Sénégal : le président Diomaye Faye adresse un avertissement clair à Ousmane Sonko

Un événement notable vient perturber la discrétion qui caractérise habituellement les interactions entre les deux figures emblématiques du pouvoir sénégalais. Le président Bassirou Diomaye Faye a publiquement interpellé son Premier ministre, Ousmane Sonko, également leader du parti Pastef. L’expression employée en wolof, « Fii, saa fitnë dotufi nanee ñeex » — signifiant « Ici, la discorde n’aura pas sa place » —, marque une rupture significative dans l’image d’unité affichée par ce duo jusqu’alors réputé indissociable. Cette mise au point intervient à un moment où les tensions internes au sein de la majorité présidentielle deviennent de plus en plus difficiles à dissimuler.

Un rappel présidentiel qui bouscule l’entente tacite

Depuis leur accession conjointe aux plus hautes fonctions de l’État en avril 2024, Bassirou Diomaye Faye et Ousmane Sonko ont projeté l’image d’une alliance inébranlable, forgée au fil des épreuves judiciaires et consolidée par la victoire électorale. Le premier occupe la fonction présidentielle, tandis que le second incarne la puissance politique du mouvement. Cet équilibre, souvent décrit comme une forme de bicéphalisme, a fonctionné tant que la ligne directrice du parti demeurait cohérente autour d’une vision réformatrice commune.

L’intervention du chef de l’État modifie profondément cette dynamique symbolique. En s’exprimant ouvertement, et de surcroît en wolof — une langue qui résonne particulièrement auprès de l’électorat populaire —, le président sénégalais signale clairement qu’il n’acceptera plus que les dissensions internes perturbent la gestion des affaires publiques. L’usage d’une formule proverbiale accentue le caractère solennel de cet avertissement. Il s’agit moins d’une réprimande personnelle que d’un rappel institutionnel, adressé non seulement à Ousmane Sonko, mais aussi à l’ensemble de l’appareil Pastef.

Pastef face aux défis de la gouvernance

Le mouvement fondé par Ousmane Sonko traverse une période complexe. Ayant conquis une majorité écrasante à l’Assemblée nationale lors des législatives anticipées de novembre 2024, Pastef doit désormais naviguer entre les contradictions inhérentes à l’exercice du pouvoir. La nécessité de rendre des comptes aux citoyens, les arbitrages budgétaires contraints par une situation financière délicate et les nominations administratives sont autant de facteurs qui alimentent des rivalités internes que le parti peine à maîtriser.
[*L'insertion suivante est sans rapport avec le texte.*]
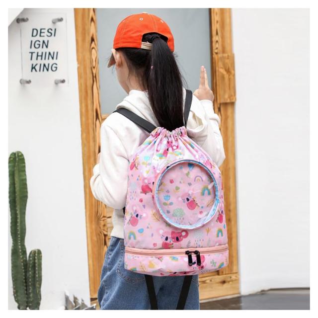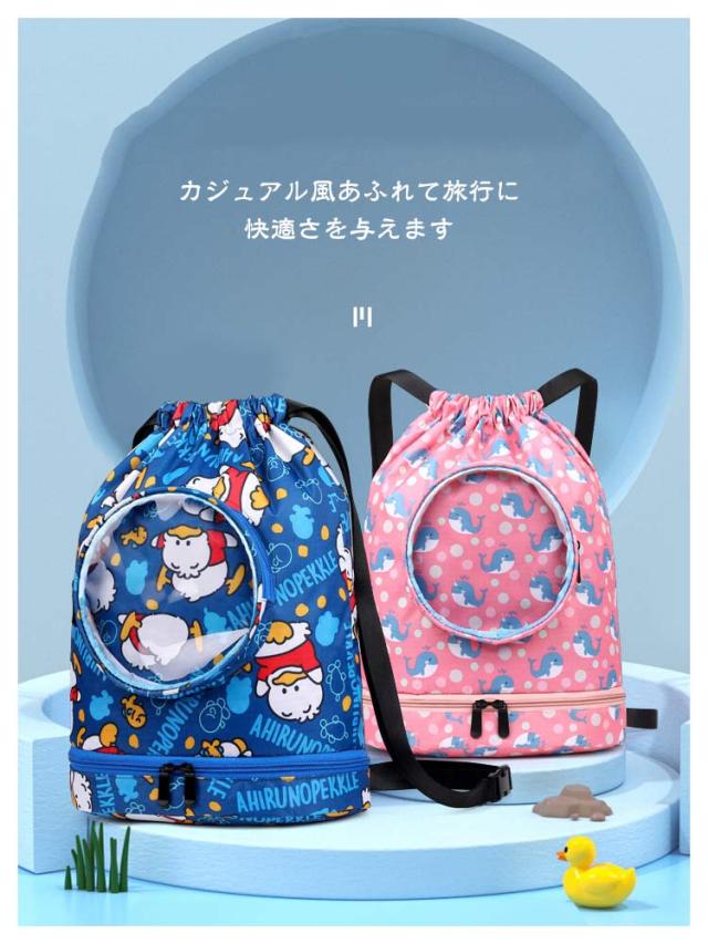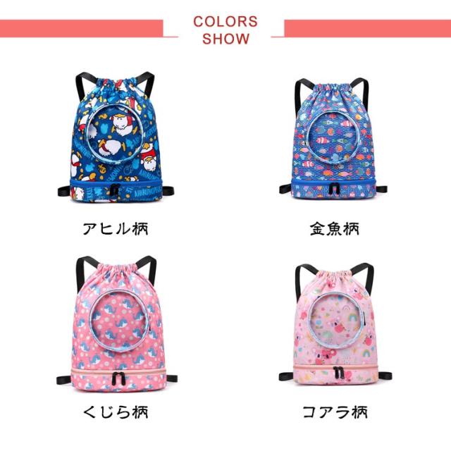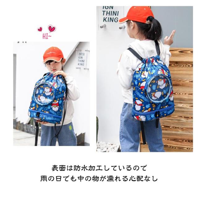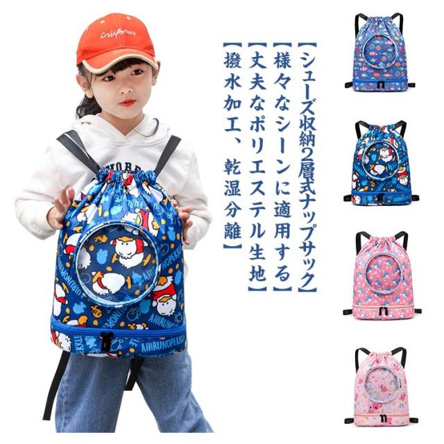 送料無料 プールバッグ 女の子 男の子 ナップサック 2層式 キッズ かわいい リュック型 子供 ビーチバッグ プールバック 大容量 キャラクター スイムバッグ プール 水泳 スイミング バッグ 幼稚園 小学生 低学年 女子 男子 ピンク
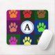 Multicolored Dog Paw Print Pattern With Monogram Mouse Mat
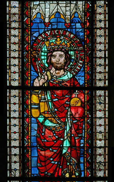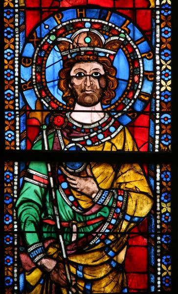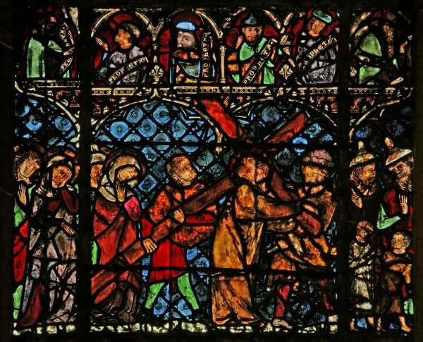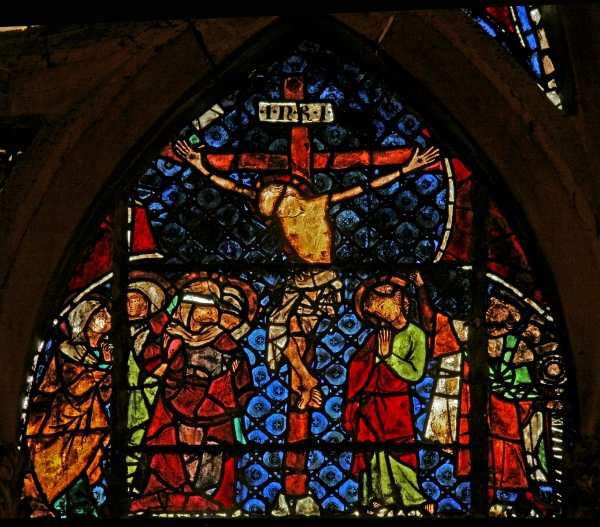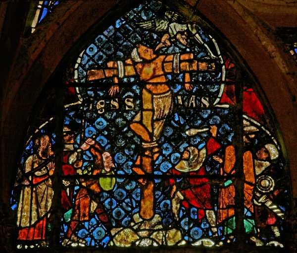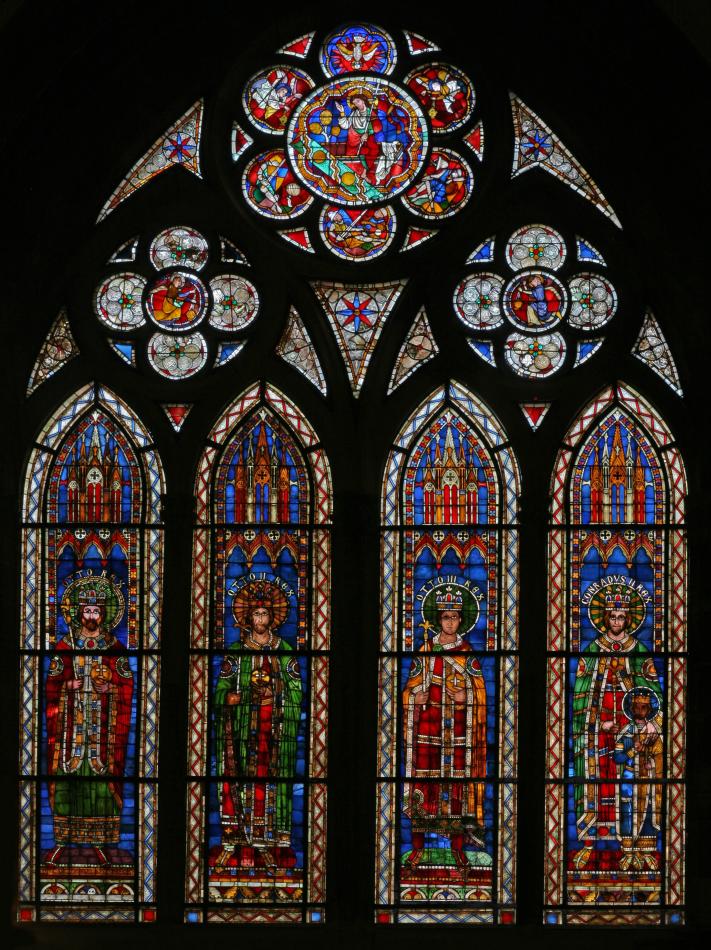 Верхняя розетка витража с тремя императорами изображает Распятие (в отличие от большинства витражей этого ряда, она относится в основном к XIX веку)
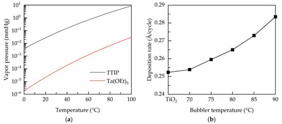 (a) Temperature-dependent vapor pressures of the TTIP and Ta(OEt)5 metal precursors. (b) Deposition rate of the PEALD films prepared at various bubbler temperatures.
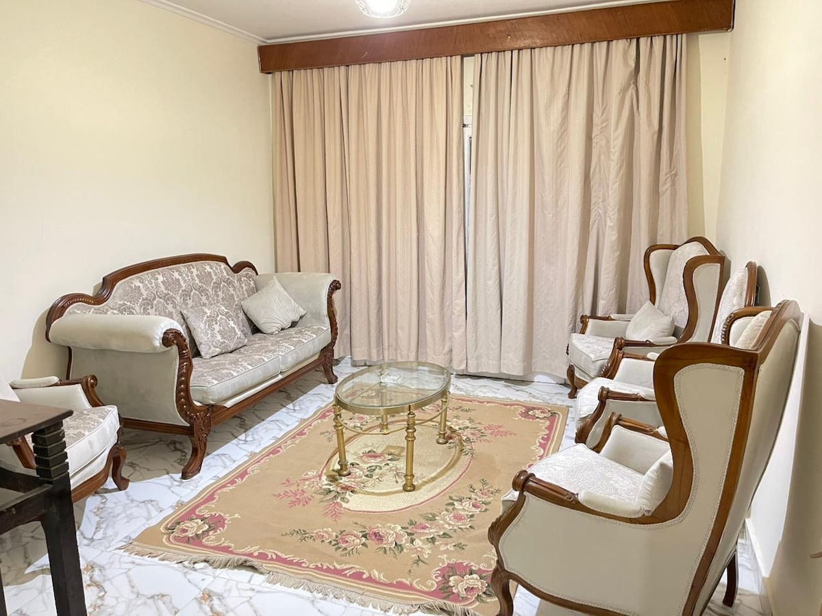 Welcome to Your Cozy Central Cairo Escape Perfectly nestled in the heart of the city, this inviting three-bedroom, two-bath retreat sleeps up to 7 guests comfortably with five thoughtfully arranged beds. Whether you're a family craving space and safety, or a group of friends looking for a warm, central hub — this home was designed to offer comfort, connection, and convenience. Stretch out. Settle in. Feel the heartbeat of Cairo from a space that feels like yours.

Plusieurs cadres du mouvement ont récemment multiplié les apparitions médiatiques désordonnées, révélant des désaccords sur des points cruciaux comme la stratégie économique, la politique judiciaire et le rythme des réformes institutionnelles. La question de la répartition des rôles entre la présidence et la primature dans la définition de l’orientation gouvernementale s’invite désormais dans l’espace public. C’est à ce climat de murmures et de divergences que Bassirou Diomaye Faye entend mettre un terme définitif.

Enjeux de crédibilité et de stabilité pour le Sénégal

Au-delà de sa dimension partisane, l’avertissement présidentiel revêt une importance stratégique majeure. Le Sénégal est actuellement engagé dans des négociations avec le Fonds Monétaire International (FMI) pour établir un nouveau cadre de coopération. Ce contexte est marqué par une réévaluation à la hausse de la dette publique et une remise en question de certaines données héritées de l’administration précédente. Les investisseurs internationaux, tout comme les partenaires régionaux, observent avec une attention particulière la cohésion de l’exécutif sénégalais. Toute faille visible au sommet de l’État est susceptible d’accroître la perception d’un risque politique.

La déclaration du chef de l’État vise également à réaffirmer l’autorité présidentielle. En rappelant qu’il incarne la continuité de l’État, Bassirou Diomaye Faye affirme un leadership qui refuse d’être relégué à un simple rôle protocolaire. L’emploi du mot « Fii » — « ici » — désigne l’espace du pouvoir républicain, un lieu où la logique partisane doit s’effacer devant l’intérêt national. Ce glissement sémantique n’a échappé à aucun analyste de la scène politique dakaroise.

Il reste à déterminer l’impact réel de cette mise en garde sur la dynamique interne de Pastef. Ousmane Sonko conserve une base militante significative et une popularité qui, au sein de certains segments de la jeunesse urbaine, pourrait encore éclipser celle du président. La suite dépendra de la capacité des deux hommes à transformer ce recadrage en une clarification durable des rôles, ou au contraire à laisser se développer une cohabitation tendue au sein même du camp présidentiel.